It was designed to work like a Frings. You start with a tank that's about 50-50 cyder vinegar and cyder, so it's 4.5% alcohol and 5.5% acetic acid. You blow air through it and keep it at a constant temperature, and after 24 hours virtually all the alcohol will have been converted to acetic acid. At that point, you pump out half the cyder vinegar and recharge with 10% alcohol cyder.
Father worked out a way to run his two Greenshield towers as a continuous process. The trouble is, the Greenshield cooling system is poor so it can't cope with more than 7% acetic acid strength, and most people want 9%. So five years ago Barry and I bought a Frings Acetator. It's a large-scale batch process, not continuous, but it's on a 24-hour cycle and automatically discharges when the alcohol dips below 0.2-0.3%. And it now rattles away all year round. We still use the Greenshields for our organic brand because it gives a much more mellow product.
We do bulk vinegar in tankers and 1,000 litre bins, which goes to manufacturers of dressing and chutneys. And we've got a bottling line doing red, white and cyder vinegars and balsamic cyder vinegar.
Our third line is an aseptic drumming line for bulk apple juice, which we put in last year. We had problems with that at first -- purely because we didn't have time to commission it properly. But now, instead of sending everything out by tanker, all our bulk juices are pasteurised on-site and sold in drums or bag-in-box.
I'm not really a technical expert but I've never been afraid to ask questions. When I first came into the business, some of the old guard would either disappear behind the black art of vinegar making or just say "that'll never work". But I knew we needed to make changes, and there was a hugely defensive attitude from people who felt -- rightly, as it turned out -- their positions were at risk.

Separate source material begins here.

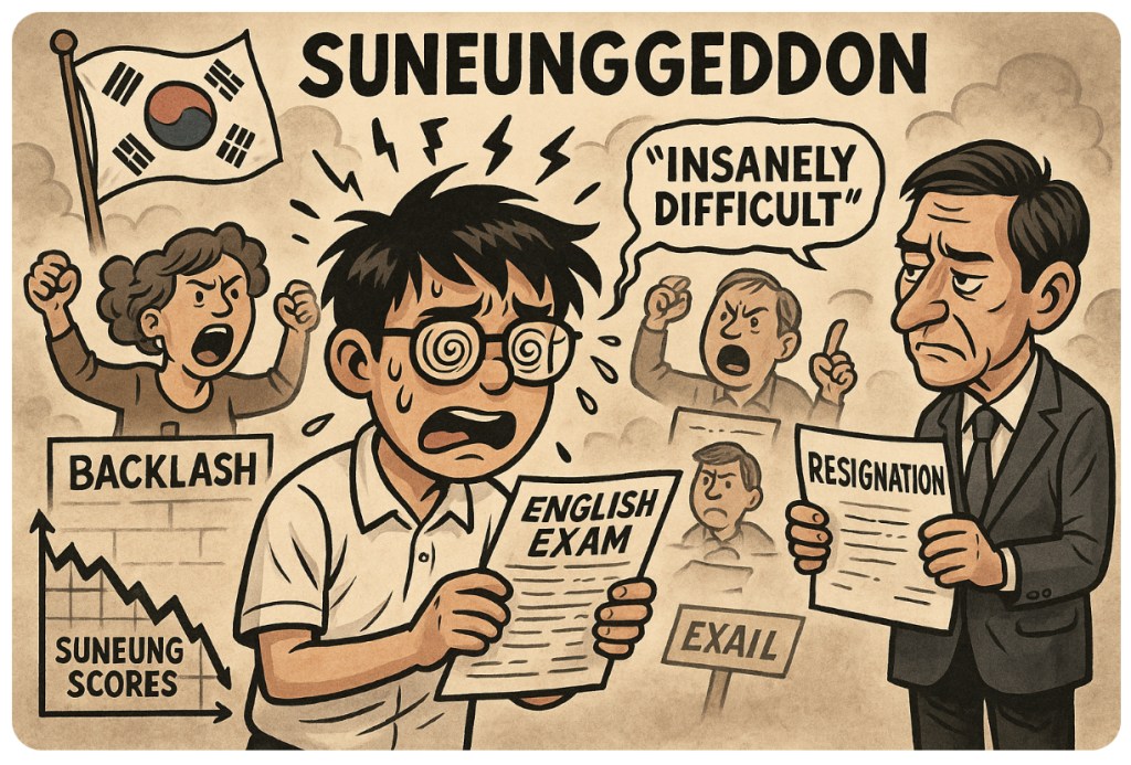 South Koreaโs famously soul-crushing college entrance exam โ the Suneung โ just hit a new level of absurdity, after the 2025/26 English section was so baffling it sent students spiraling, parents screaming, and the testโs chief straight out the resignation door. Thatโs right: the exam was such a philosophical word salad that even the man in charge said, โYeah, my bad,โ and quit.

I was quite idealistic -- or naïve -- thinking it could all work with all of us still there. Then I heard a business trouble-shooter say the reason a lot of small family businesses fail is that the next generation won't take the tough decisions needed to move forward. And I realised I had to bite the bullet, trusting it was the right thing to do for the business. Ultimately two people had to move on, and we haven't looked back; I sincerely hope they haven't either. Happily, the last time I had to do that was four or five years ago.
In 1946 my grandmother, Peronelle Guild, was one of the founder members of the Soil Association. We've still got 90 acres of organic orchard, along with 260 acres of farmland. We only produce a small percentage of our requirements now and it would be cheaper to buy everything from someone else, but that has never really felt right.
All our kegged and bottled cyder is fermented from English apples, as is all of our organic cyder vinegar. Everything else -- non organic vinegar and apple juice -- depends on the time of year. It's mainly English from August to April and mainly foreign from April to July, but we're pressing English come what may for the drinking cyder.
My brother and I both live by Aspall Church, which is a 10-minute walk away, through the apple orchards. It can take 30 minutes when the blossom is on the trees.
If we hadn't come back into the business, father and mum would have sold up, so I think we should throw off the weight that 'we must never sell'. There aren't many eighth-generation businesses around. But it's a lifestyle thing too, and at the moment no-one could pay us enough to sell. Besides, it would spoil my commute.
Interview by Mick Whitworth
Name: Henry Chevallier Guild
Career history: Took business degree at Oxford and travelled for two years before joining family business in 1993.
Domestics: Single, and living in the hamlet of Aspall.
Outside work: "I read a lot, I do a lot of yoga, and I have a motorbike that I tend to use to go on birdwatching trips."
Location: Aspall, The Cyder House, Aspall Hall, Debenham, Suffolk IP14 6PD. Tel: 01728 860510. http://www.aspall.co.uk
Main products: Premium apple juice, cyder vinegar and cyder, in bottles, kegs and bulk bins.
Throughput: 9,500 tonnes of apples last year.